On sam, w rozmowie z wPolityce.pl, powiedział: " Na razie takiej propozycji nie otrzymałem. Gdybym ją otrzymał, to bym się nad nią poważnie zastanowił".

Kryzys w obozie Zjednoczonej Prawicy wybuchł, a przynajmniej ujrzał światło dzienne, w czwartek. Wicemarszałek Sejmu Ryszard Terlecki w trakcie spotkania z dziennikarzami powiedział, że nadchodząca rekonstrukcja rządu może zostać przeprowadzona bez konsultacji z koalicjantami. Kilka godzin później pojawiły się głosy, że koalicja właściwie już nie istnieje.

Bezpośrednią przyczyną sporu między partiami są różnice zdań na temat dwóch ustaw: o ochronie zwierząt i o bezkarności urzędników.

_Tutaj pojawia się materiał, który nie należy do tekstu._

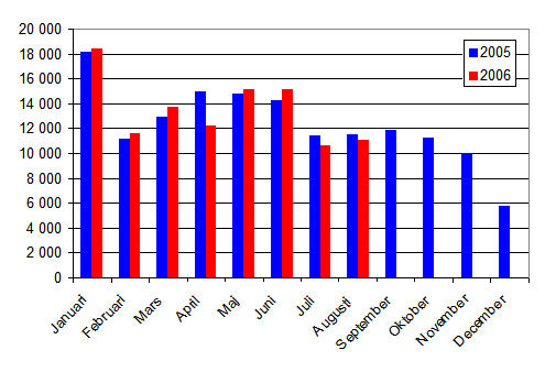 Under januari-augusti 2006 registrerades 195 266 nya fordon. Jämfört med året innan var ökningen 4,1 procent. Under början av året var antalet första registreringar av personbilar 108 030, vilket är 1,2 procent mindre än i fjol. De mest allmänna personbilsmärkena i första registreringarna under början av året var Toyota, Volkswagen och Nissan.
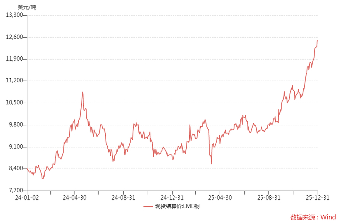 文華財(cái)經(jīng)數(shù)據(jù)顯示,2023年、2024年LME銅年度漲幅分別為2.25%、2.56%,到2025年則大幅提升至42.3%。
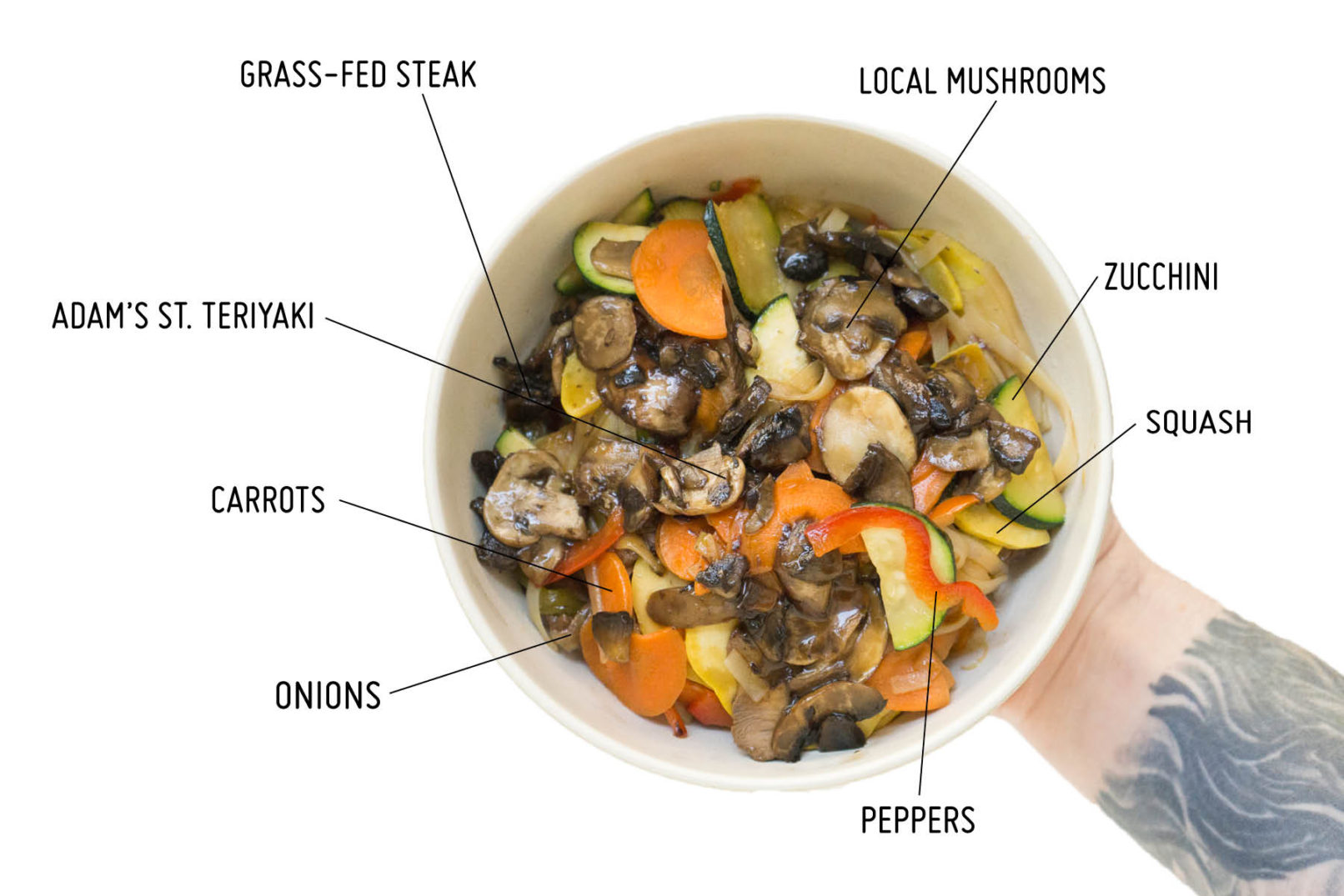 More like Sweet Oh Mommy! (as listed under our Catering menu) Our dairy-free, gluten-free, homemade Adams Street Teriyaki sauce containing tamari, fresh homemade carrot juice, fresh lemon juice,  garlic, ginger, and more is a great choice for all Chicago families near the Loop and River North areas. Our gluten-free rice noodles are lightly boiled before they hit the woks to steam up the best flavors and give you the best quality stir-fy possible. We’re all about fast-casual deliciousness, so we’ve paired our grass-fed steak with carrots, onions, green peppers, zucchini/squash, and Premium Mushrooms. These premium mushrooms vary throughout the season but often times have Portobello, Crimini, Shiitake. Just like all of our other That Umami flavor is quite unique to this item and will leave your mouth watering. If you’re vegan, simply switch the protein on this signature favorite to ‘tofu’ or ‘extra veggies’. Love the contents of all of the above but missing an extra drizzle of sizzle? We’ve got you (request a ‘medium’, ‘hot’, or ‘extra hot’ to your bowl under special instructions) *Feel free to also contact our team members for any allergy inquiries you may have.
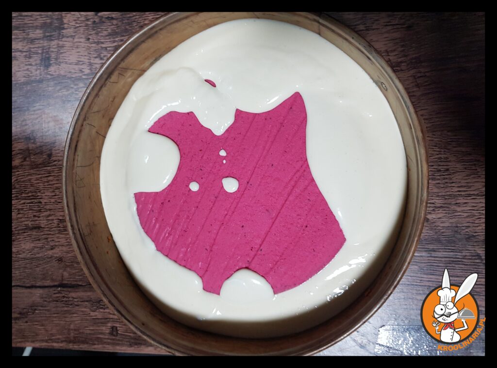 - Żelatynę dodać do masy żurawinowej, dobrze wymieszać i odstawić do ochłodzenia. Białka ubić na sztywno. Pod koniec ubijania wsypywać po łyżce cukier cały czas ubijając do uzyskania gęstej masy białkowej. Ubite białka delikatnie wmieszać szpatułką do masy. Delikatnie ale dobrze połączyć. Żurawinowy mus wylać do połowy wysokości tortownicy o srednicy 19cm. Wsadzić do lodówki, do stężenia. Tak przygotowany mus wyciagnąć z tortownicy i umieścić w tortownicy o średnicy 25 cm, na środku ciasteczkowego spodu. Pozostały mus zurawinowy, jesli zostanie można wylać do dowolnej foremki silikonowej i wykorzystac potem jako dekorację ciasta
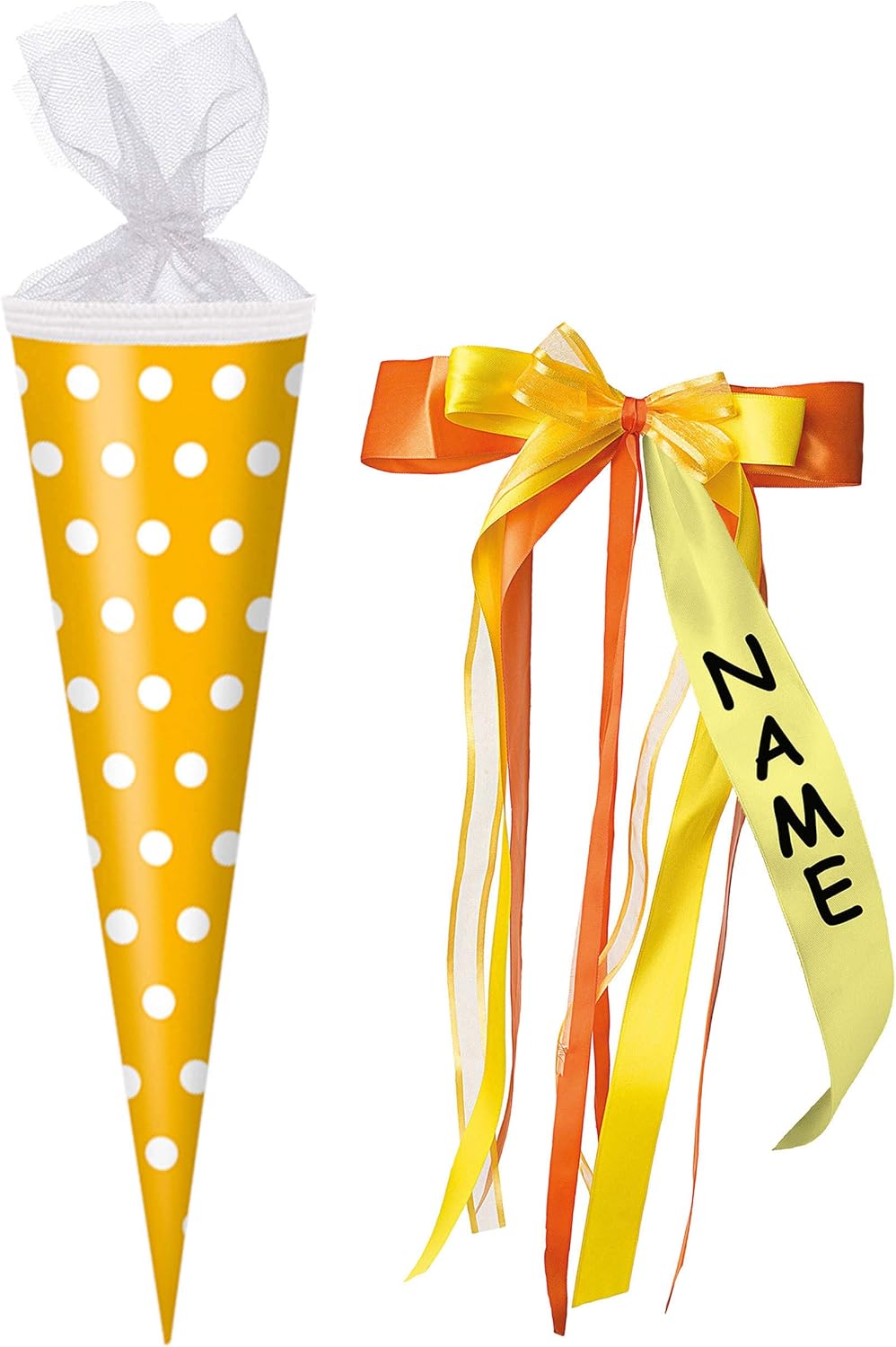 Cono scuola con incisione Lunghezza: quadrato 85 cm con chiusura in tulle e passamaneria Fateci sapere il testo desiderato dopo l'acquisto
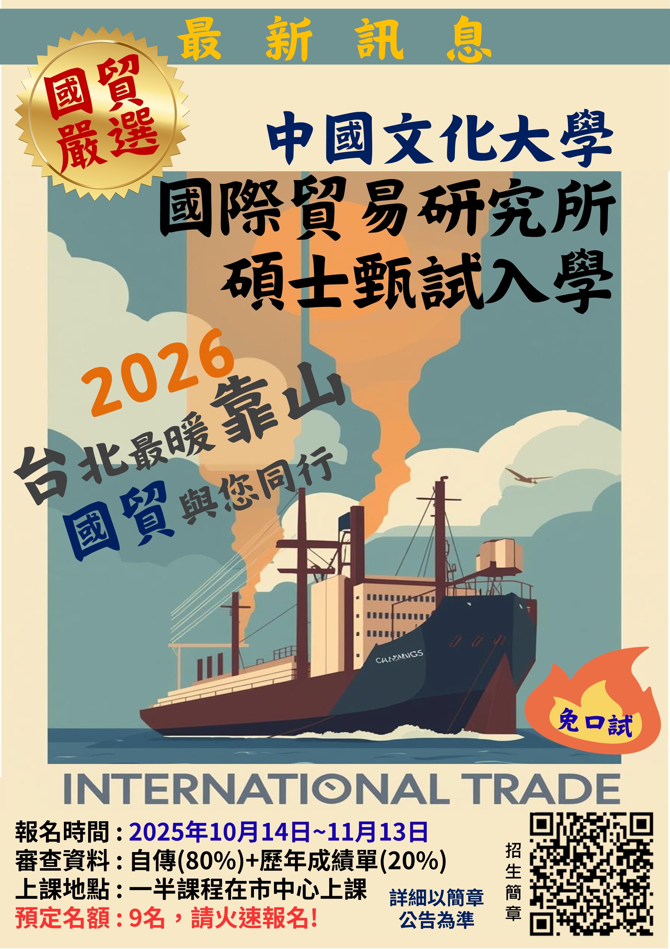 【招生資訊】文大國貿所115學年度碩士甄試入學資訊與報名網址

Premier Mateusz Morawiecki miał nawet przekazać Ziobrze, że przyjęcie drugiej z nich jest "warunkiem brzegowym" dalszego funkcjonowania Zjednoczonej Prawicy. Ostatecznie jej projekt został wycofany z Sejmu.

Czytaj także: Zła wiadomość dla Gowina i Ziobry. Sondaż pokazuje, co czeka ich formacje po rozpadzie koalicji

źródło: "Wprost"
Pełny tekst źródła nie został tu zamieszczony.